Your objective »
Beginning at the line that mentions "You send us", retype the rest of the records below exactly. Pictures are not part of the copy.

Data shown »
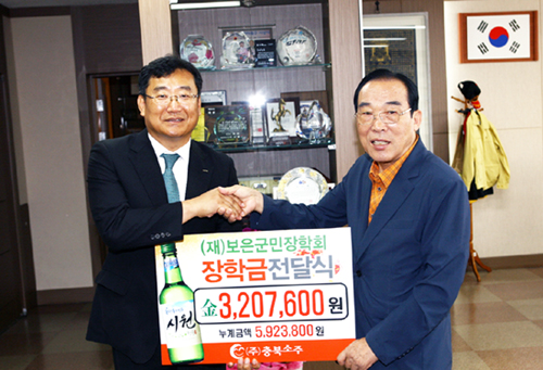 (ÁÖ)ÃæºÏ¼ÒÁÖ(´ëÇ¥ Á¶¼ºÈ£)´Â 12ÀÏ º¸ÀºÁö¿ª ÀÎÀçÀ°¼ºÀ» À§ÇÑ ÀåÇбâ±Ý 320¸¸7600¿øÀ» (Àç)º¸Àº±º¹ÎÀåÇÐȸ¿¡ ±âŹÇß´Ù. À̹ø ÀåÇбâ±ÝÀº Áö³­ÇØ 11¿ùºÎÅÍ ¿ÃÇØ 4¿ù±îÁö º¸ÀºÁö¿ª¿¡¼­ ÆÇ¸ÅµÈ ÃæºÏ¼ÒÁÖ Á¦Ç° 1º´´ç 5¿ø¾¿ Àû¸³ÇØ ¸¶·ÃÇß´Ù.
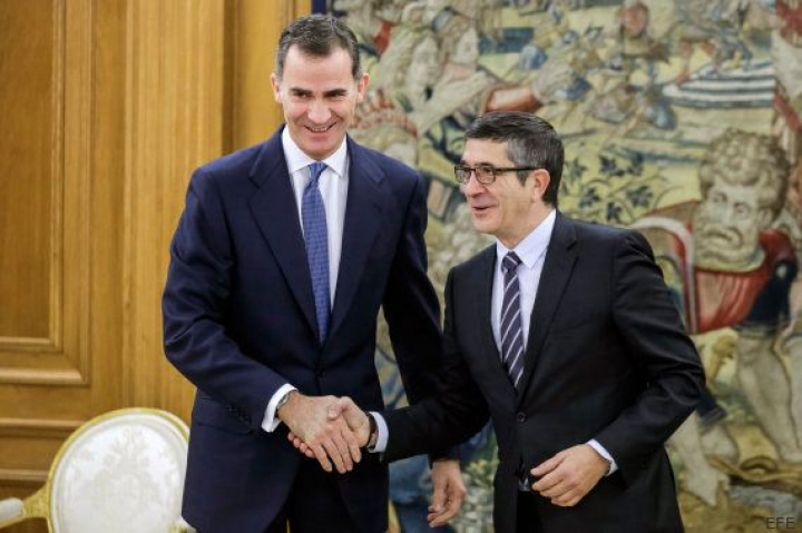 "¿Cómo estás?", le ha preguntado el exlehendakari vasco. Tras posar unos segundos ante las Cámaras, Felipe VI ha invitado a López a entrar en el despacho. A las 12.00 horas, el monarca ha recibido en Zarzuela al presidente del Senado, Pío García-Escudero, que repite mandato.
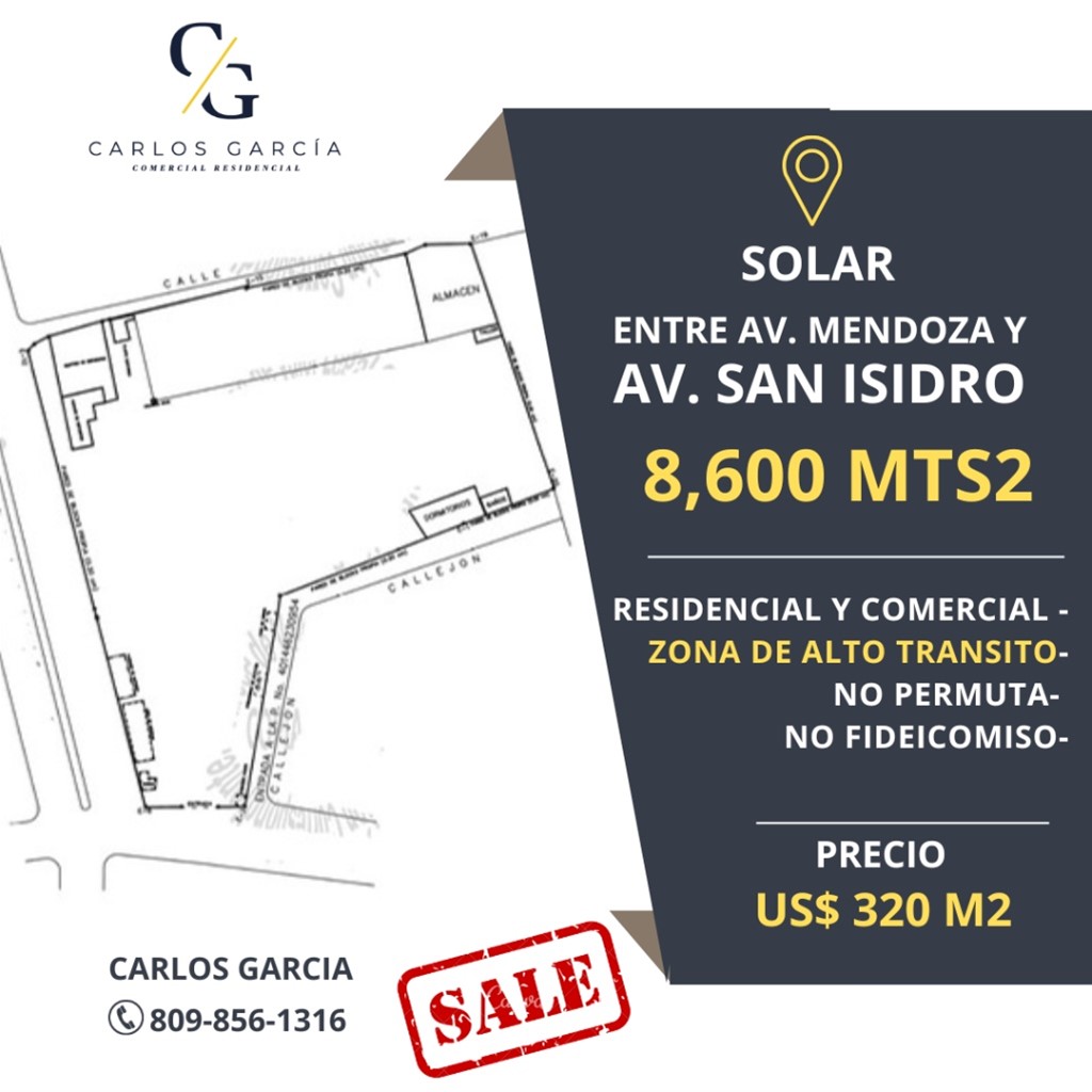 Solar en Venta de 8,600 m² entre Carretera de Mendoza y Av. San Isidro – Santo Domingo Este. Ubicación privilegiada en una de las zonas de mayor crecimiento y tránsito de Santo Domingo Este, con acceso directo tanto desde la Carretera de Mendoza como desde la Avenida San Isidro. Ideal para desarrollo comercial o residencial: Perfecto para plazas comerciales, supermercados, almacenes, naves industriales o proyectos residenciales de bajo costo. Zona de alta demanda y visibilidad, ideal para inversionistas que buscan plusvalía y retorno seguro. Precio por metro cuadrado: US$320 Terreno llano y titulado: 8,600 m² disponibles ¡Oportunidad única para desarrollar tu próximo gran proyecto en una ubicación estratégica! Contáctanos hoy mismo para más información o agendar una visita. MAS OPCIONES DE SOLARES Y TERRENOS: https://www.feroca.net/properties/republica-dominicana/santo-domingo/santo-domingo-este/lot-type?sort_by=published_at-desc
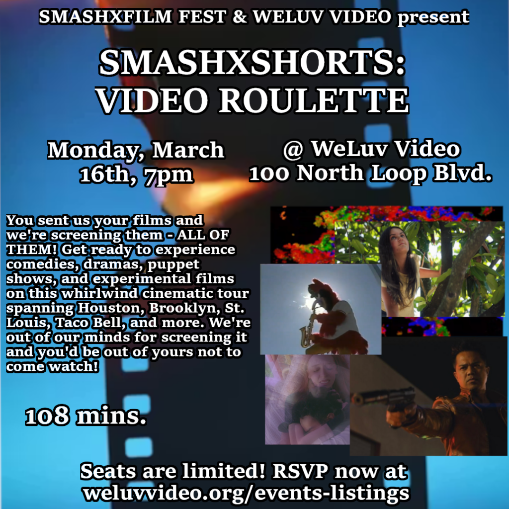 You send us your films and we’re screening them – ALL OF THEM! Get ready to experience comedies, dramas, puppet shows, and experimental films on this whirlwind cinematic tour spanning Houston, Brooklyn, St. Louis, Taco Bell, and more. We’re out of our minds for screening it and you’d be out of yours not to come watch!
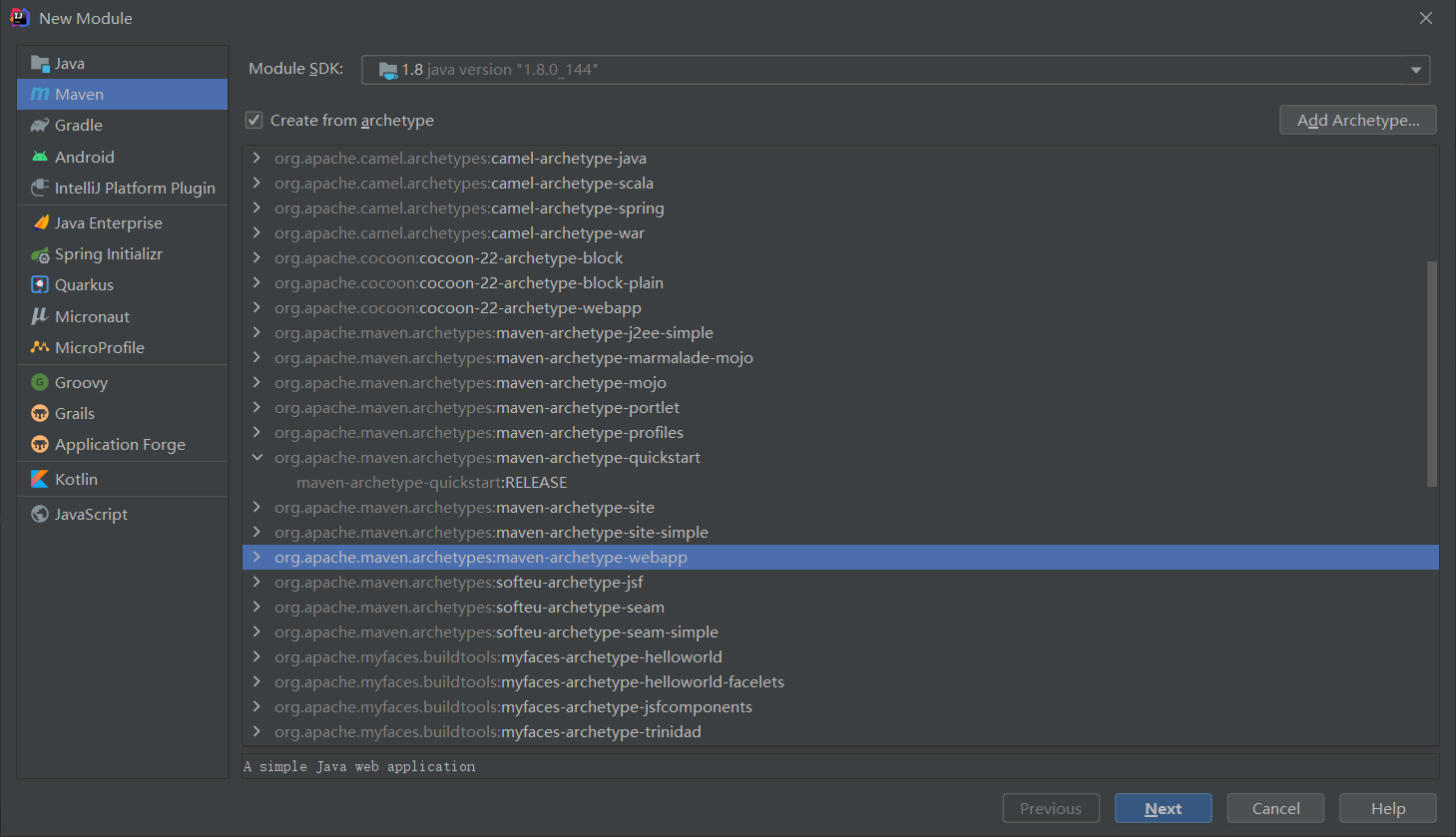 使用原型创建web项目

Result »
 You send us your films and we’re screening them – ALL OF THEM! Get ready to experience comedies, dramas, puppet shows, and experimental films on this whirlwind cinematic tour spanning Houston, Brooklyn, St. Louis, Taco Bell, and more. We’re out of our minds for screening it and you’d be out of yours not to come watch!
 使用原型创建web项目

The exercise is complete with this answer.